[YOUR GOAL] When you transcribe the lines below, keep every word the same and leave the pictures behind.

[Items listed in a dataset]
• • •

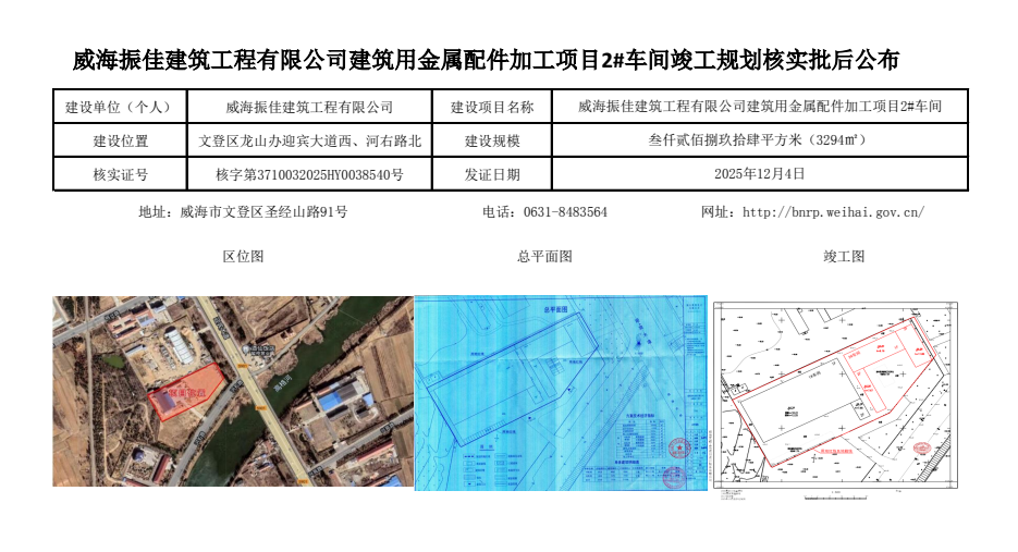 威海振佳建筑工程有限公司建筑用金属配件加工项目2#车间竣工规划核实批后公布
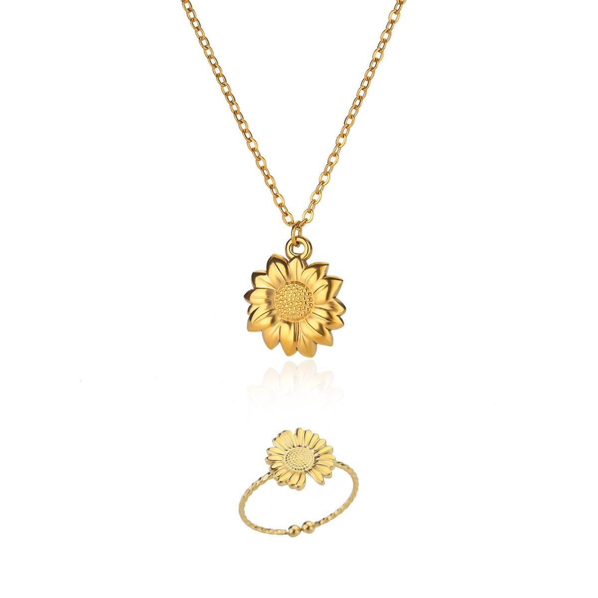 set girasol collar y anillo acero inoxidable chapado en oro de 18k
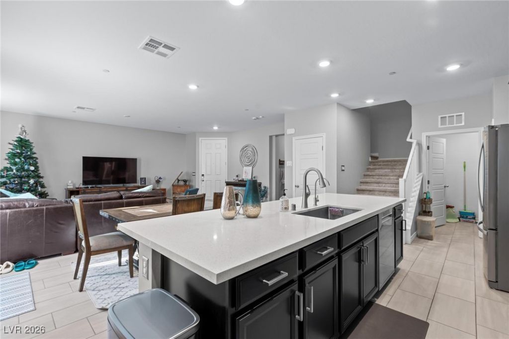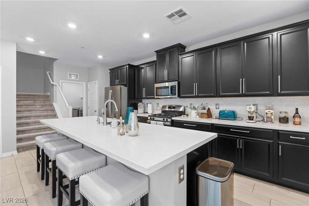 Welcome to this beautifully maintained 2022-built townhouse located in the desirable Roxbury community of North Las Vegas. Offering 1,645 sf. of modern living space, this home features 3 spacious bedrooms and 2.5 bathrooms with a thoughtful open-concept design. The kitchen showcases sleek quartz countertops, beautiful backsplash, stainless steel appliances, a large center island, and ample cabinetry with pulls, perfect for entertaining or everyday living. The adjoining living and dining areas provide a bright and inviting atmosphere. Upstairs, you'll find generously sized bedrooms which one has a walk in closet, including a comfortable primary suite with a private bath. Enjoy the convenience of backyard access, ideal for outdoor relaxation. Additional highlights include a 2-car garage with EV charger plug and energy-efficient construction. Located near shopping, dining, parks, and freeway access, this move-in-ready home combines style, comfort, and convenience in a growing community!
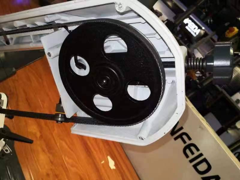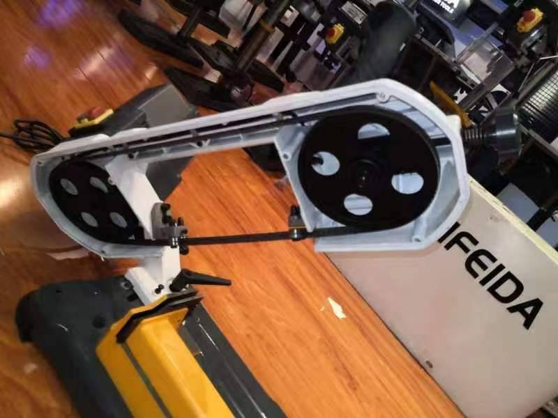 - Движение ленты осуществляется через мотор с клиноременной передачей – 3 режимами скорости резания (20 / 29 / 50 м/мин).
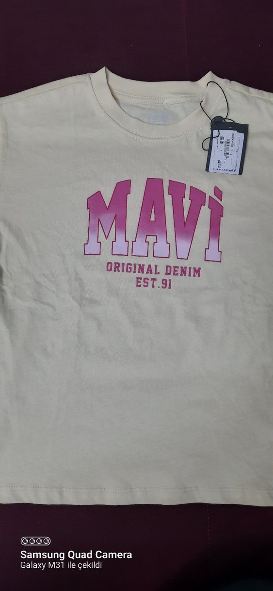 Pamuk kumaştan, kısa kollu ve bol kesim kız tişörtü. Yuvarlak yaka ve pembe "MAVI ORIGINAL DENIM EST.91" baskılı, gri renkte. Sokak stiline uygun.
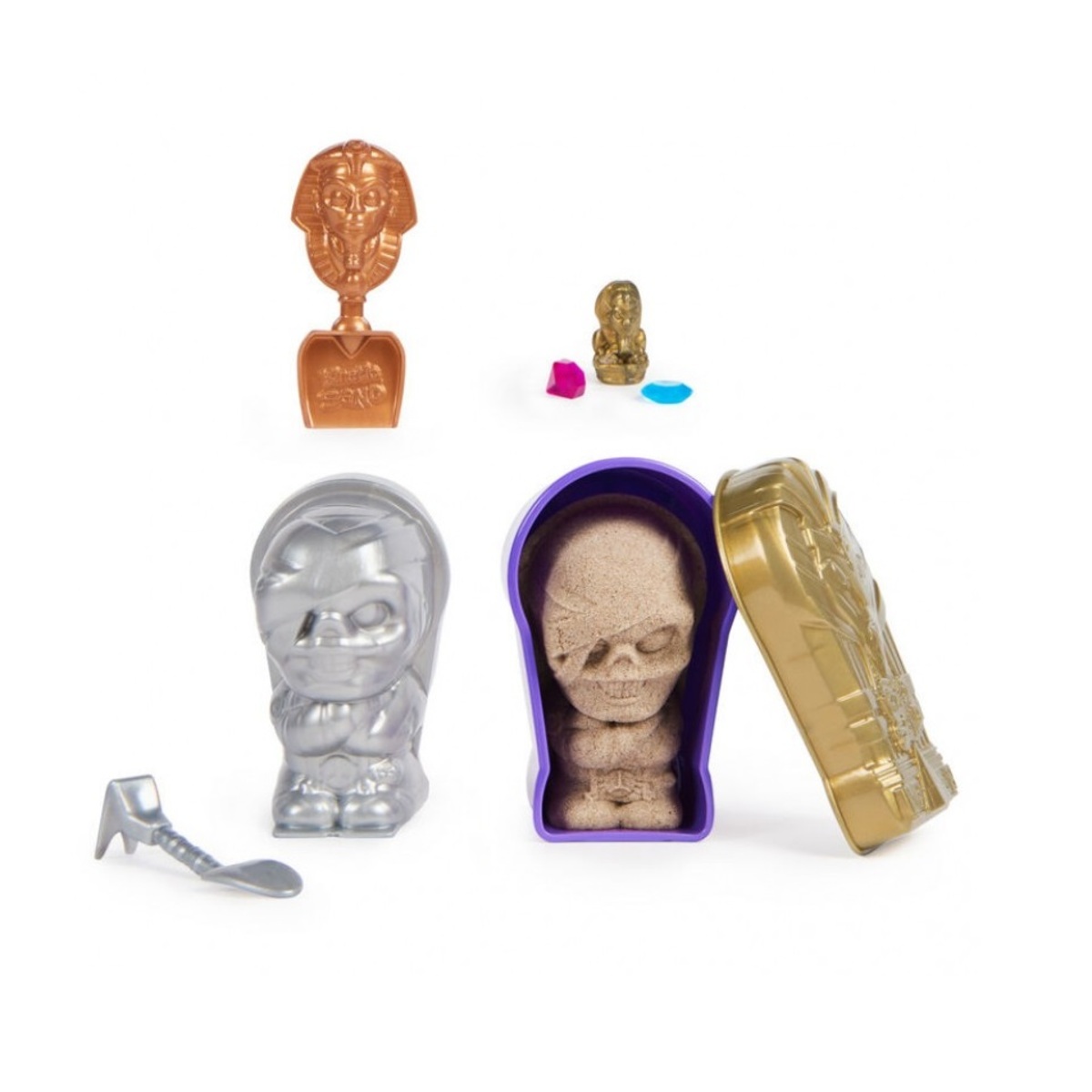 استخدم الفأس والمجرفة الخاصين بالمجموعة لفتح صندوق الغموض الخاص بك والحفر في الرمال الحركية للكشف عن الأدلة والكنوز! ثم اجمعوا للكشف عن المومياء!

• • •

[TASK SOLUTION]
 威海振佳建筑工程有限公司建筑用金属配件加工项目2#车间竣工规划核实批后公布
 set girasol collar y anillo acero inoxidable chapado en oro de 18k
 Welcome to this beautifully maintained 2022-built townhouse located in the desirable Roxbury community of North Las Vegas. Offering 1,645 sf. of modern living space, this home features 3 spacious bedrooms and 2.5 bathrooms with a thoughtful open-concept design. The kitchen showcases sleek quartz countertops, beautiful backsplash, stainless steel appliances, a large center island, and ample cabinetry with pulls, perfect for entertaining or everyday living. The adjoining living and dining areas provide a bright and inviting atmosphere. Upstairs, you'll find generously sized bedrooms which one has a walk in closet, including a comfortable primary suite with a private bath. Enjoy the convenience of backyard access, ideal for outdoor relaxation. Additional highlights include a 2-car garage with EV charger plug and energy-efficient construction. Located near shopping, dining, parks, and freeway access, this move-in-ready home combines style, comfort, and convenience in a growing community!
 - Движение ленты осуществляется через мотор с клиноременной передачей – 3 режимами скорости резания (20 / 29 / 50 м/мин).
 Pamuk kumaştan, kısa kollu ve bol kesim kız tişörtü. Yuvarlak yaka ve pembe "MAVI ORIGINAL DENIM EST.91" baskılı, gri renkte. Sokak stiline uygun.
 استخدم الفأس والمجرفة الخاصين بالمجموعة لفتح صندوق الغموض الخاص بك والحفر في الرمال الحركية للكشف عن الأدلة والكنوز! ثم اجمعوا للكشف عن المومياء!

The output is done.